▶ [Work to complete] Below are the records to transcribe exactly; do not include any images.

▶ [Source records]
---------------

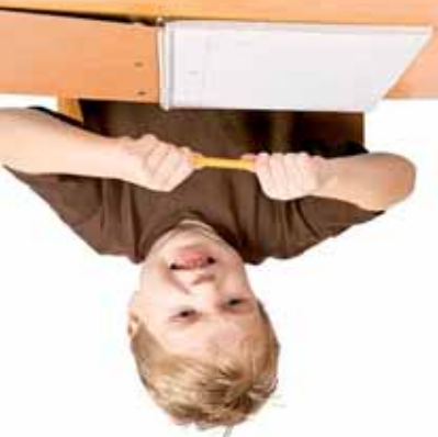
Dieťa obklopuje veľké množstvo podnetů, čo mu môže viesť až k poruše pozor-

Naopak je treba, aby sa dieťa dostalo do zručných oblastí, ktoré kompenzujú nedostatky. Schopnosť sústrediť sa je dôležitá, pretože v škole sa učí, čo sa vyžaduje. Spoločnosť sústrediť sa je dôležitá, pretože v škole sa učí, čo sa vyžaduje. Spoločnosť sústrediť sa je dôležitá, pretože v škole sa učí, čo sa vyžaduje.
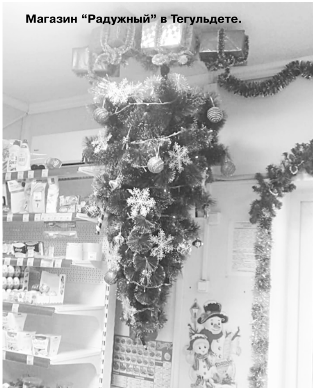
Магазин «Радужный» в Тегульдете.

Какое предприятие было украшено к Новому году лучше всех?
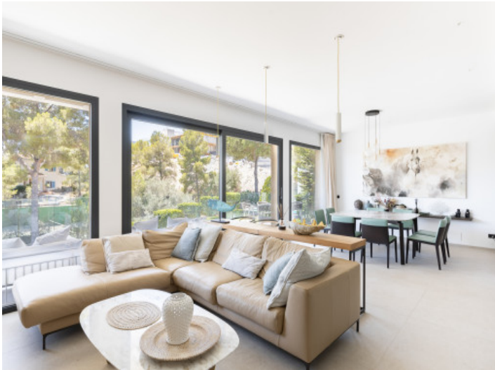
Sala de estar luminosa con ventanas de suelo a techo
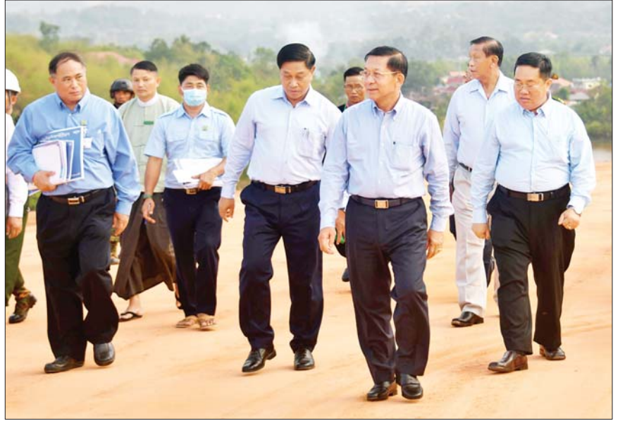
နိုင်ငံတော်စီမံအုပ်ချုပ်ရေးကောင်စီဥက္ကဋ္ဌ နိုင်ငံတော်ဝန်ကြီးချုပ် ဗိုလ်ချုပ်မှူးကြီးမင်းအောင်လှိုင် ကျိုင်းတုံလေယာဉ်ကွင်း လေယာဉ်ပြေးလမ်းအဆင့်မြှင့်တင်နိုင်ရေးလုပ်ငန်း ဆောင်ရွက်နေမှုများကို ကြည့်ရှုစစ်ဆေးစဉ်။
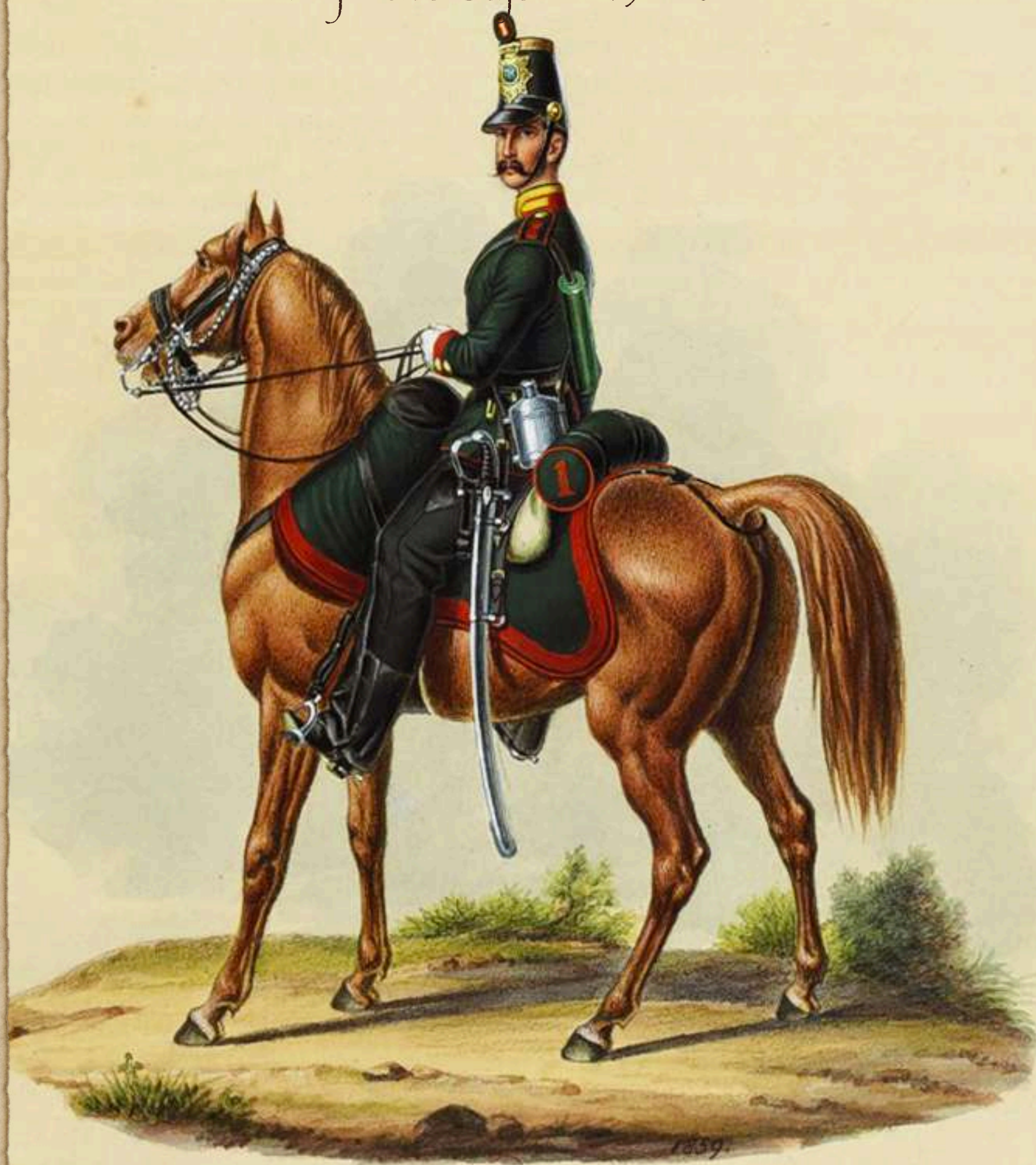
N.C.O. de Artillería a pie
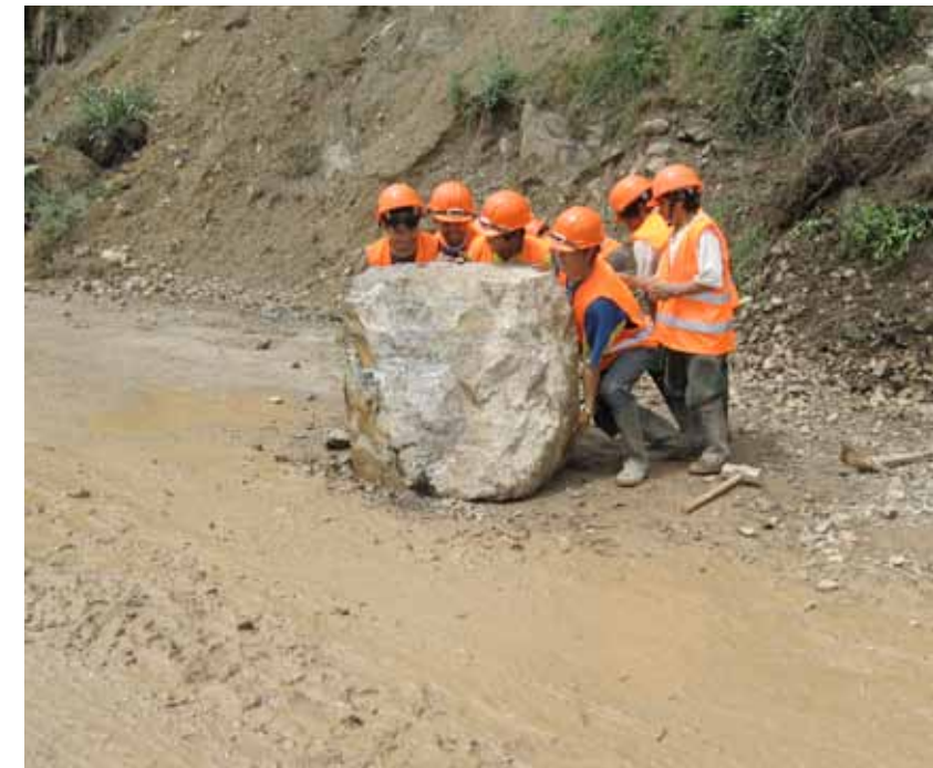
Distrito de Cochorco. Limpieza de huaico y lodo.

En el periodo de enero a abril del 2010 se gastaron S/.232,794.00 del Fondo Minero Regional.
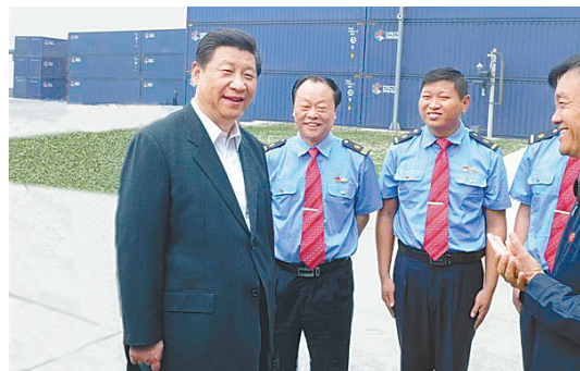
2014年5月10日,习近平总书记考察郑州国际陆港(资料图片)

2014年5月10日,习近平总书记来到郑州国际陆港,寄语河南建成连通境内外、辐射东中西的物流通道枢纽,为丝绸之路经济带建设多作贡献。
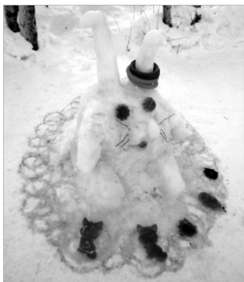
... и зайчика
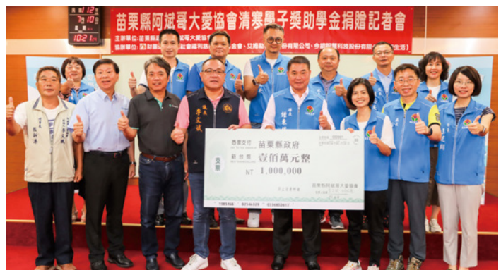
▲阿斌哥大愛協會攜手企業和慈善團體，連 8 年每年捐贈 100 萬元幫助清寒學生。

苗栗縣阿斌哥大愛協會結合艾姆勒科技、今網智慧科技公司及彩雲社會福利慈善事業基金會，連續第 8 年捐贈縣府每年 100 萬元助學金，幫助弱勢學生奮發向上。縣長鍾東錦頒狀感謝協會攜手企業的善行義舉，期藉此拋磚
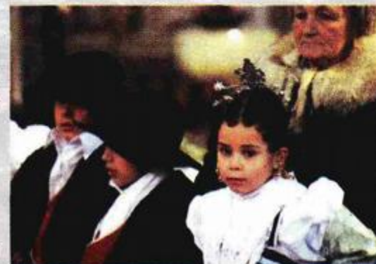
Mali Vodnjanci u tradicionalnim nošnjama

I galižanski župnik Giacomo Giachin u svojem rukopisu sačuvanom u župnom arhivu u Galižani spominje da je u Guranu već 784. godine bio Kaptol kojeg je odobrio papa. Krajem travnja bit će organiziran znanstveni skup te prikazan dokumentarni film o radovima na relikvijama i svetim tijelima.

---------------

▶ [Result of this exercise]
Dieťa obklopuje veľké množstvo podnetů, čo mu môže viesť až k poruše pozor-

Naopak je treba, aby sa dieťa dostalo do zručných oblastí, ktoré kompenzujú nedostatky. Schopnosť sústrediť sa je dôležitá, pretože v škole sa učí, čo sa vyžaduje. Spoločnosť sústrediť sa je dôležitá, pretože v škole sa učí, čo sa vyžaduje. Spoločnosť sústrediť sa je dôležitá, pretože v škole sa učí, čo sa vyžaduje.
Магазин «Радужный» в Тегульдете.

Какое предприятие было украшено к Новому году лучше всех?
Sala de estar luminosa con ventanas de suelo a techo
နိုင်ငံတော်စီမံအုပ်ချုပ်ရေးကောင်စီဥက္ကဋ္ဌ နိုင်ငံတော်ဝန်ကြီးချုပ် ဗိုလ်ချုပ်မှူးကြီးမင်းအောင်လှိုင် ကျိုင်းတုံလေယာဉ်ကွင်း လေယာဉ်ပြေးလမ်းအဆင့်မြှင့်တင်နိုင်ရေးလုပ်ငန်း ဆောင်ရွက်နေမှုများကို ကြည့်ရှုစစ်ဆေးစဉ်။
N.C.O. de Artillería a pie
Distrito de Cochorco. Limpieza de huaico y lodo.

En el periodo de enero a abril del 2010 se gastaron S/.232,794.00 del Fondo Minero Regional.
2014年5月10日,习近平总书记考察郑州国际陆港(资料图片)

2014年5月10日,习近平总书记来到郑州国际陆港,寄语河南建成连通境内外、辐射东中西的物流通道枢纽,为丝绸之路经济带建设多作贡献。
... и зайчика
▲阿斌哥大愛協會攜手企業和慈善團體，連 8 年每年捐贈 100 萬元幫助清寒學生。

苗栗縣阿斌哥大愛協會結合艾姆勒科技、今網智慧科技公司及彩雲社會福利慈善事業基金會，連續第 8 年捐贈縣府每年 100 萬元助學金，幫助弱勢學生奮發向上。縣長鍾東錦頒狀感謝協會攜手企業的善行義舉，期藉此拋磚
Mali Vodnjanci u tradicionalnim nošnjama

I galižanski župnik Giacomo Giachin u svojem rukopisu sačuvanom u župnom arhivu u Galižani spominje da je u Guranu već 784. godine bio Kaptol kojeg je odobrio papa. Krajem travnja bit će organiziran znanstveni skup te prikazan dokumentarni film o radovima na relikvijama i svetim tijelima.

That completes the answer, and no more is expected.